Here is my best "Technicals for Dummies" explanation. BIG INSTITUTIONAL MONIES CONTROL THE DIRECTION OF THE MARKETS. When they buy the markets respond. Period! All of the day traders, investors, etc. combined buying a stock at the same time will not move higher of there is large institutional selling. If institutions are doing little or no buying or selling then markets move at a different pace.
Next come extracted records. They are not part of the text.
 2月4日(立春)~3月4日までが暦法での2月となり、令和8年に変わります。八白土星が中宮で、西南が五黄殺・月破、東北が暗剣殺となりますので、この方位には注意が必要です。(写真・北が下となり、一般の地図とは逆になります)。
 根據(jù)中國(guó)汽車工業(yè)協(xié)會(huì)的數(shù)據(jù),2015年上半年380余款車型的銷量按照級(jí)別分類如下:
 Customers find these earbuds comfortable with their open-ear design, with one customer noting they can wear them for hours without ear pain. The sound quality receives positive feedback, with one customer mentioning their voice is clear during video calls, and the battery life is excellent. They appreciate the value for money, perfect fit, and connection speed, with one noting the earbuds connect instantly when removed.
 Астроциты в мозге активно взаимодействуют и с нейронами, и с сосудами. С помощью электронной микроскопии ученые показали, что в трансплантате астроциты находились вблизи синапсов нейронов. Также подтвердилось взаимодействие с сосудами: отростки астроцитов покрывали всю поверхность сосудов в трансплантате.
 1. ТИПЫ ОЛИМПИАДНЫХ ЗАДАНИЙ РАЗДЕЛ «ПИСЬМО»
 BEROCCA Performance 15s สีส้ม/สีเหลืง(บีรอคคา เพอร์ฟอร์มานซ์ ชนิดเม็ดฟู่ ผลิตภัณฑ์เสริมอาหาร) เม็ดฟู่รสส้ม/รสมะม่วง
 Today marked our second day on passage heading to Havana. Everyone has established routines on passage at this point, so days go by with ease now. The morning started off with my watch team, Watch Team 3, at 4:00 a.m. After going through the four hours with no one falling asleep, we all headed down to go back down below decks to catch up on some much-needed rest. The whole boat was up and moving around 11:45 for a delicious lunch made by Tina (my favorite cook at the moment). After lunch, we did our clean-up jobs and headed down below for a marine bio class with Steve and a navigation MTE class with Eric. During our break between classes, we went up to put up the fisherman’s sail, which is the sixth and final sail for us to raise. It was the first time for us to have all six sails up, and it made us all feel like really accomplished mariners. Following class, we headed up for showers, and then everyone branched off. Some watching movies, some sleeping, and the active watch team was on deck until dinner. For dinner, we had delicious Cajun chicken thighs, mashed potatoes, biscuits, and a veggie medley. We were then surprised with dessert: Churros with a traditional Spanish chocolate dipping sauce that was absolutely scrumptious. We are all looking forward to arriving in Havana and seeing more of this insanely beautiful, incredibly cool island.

NOW, with that understanding established, technical bottoms (support) form because institutions are buying all/any volume that is selling. It's just the opposite for tops (resistance) because the institutions are selling as much as people are willing to buy, and they are buying/selling more, in bulk, than the general market. This is why one of the most valuable tools a professional trader has is a market maker tracker that includes a "lot" volume monitor. I can see that GE average trade is 178 shares for today. I have a minute/5 minute volume tracker pulled up and it shows an average of 222 shares trading. Ok, that is slightly higher than the overall daily volume but it certainly isn't institutional action. When I see a minute chart crunching out multiple 10k-100k share lots THEN we have institutional buying in play. When it takes the 5 minute average to 25k+ avg lot then it means something.
Pro traders can see this for individual stocks and for the market as a whole. It's ONE EXAMPLE of the dozens of tools used.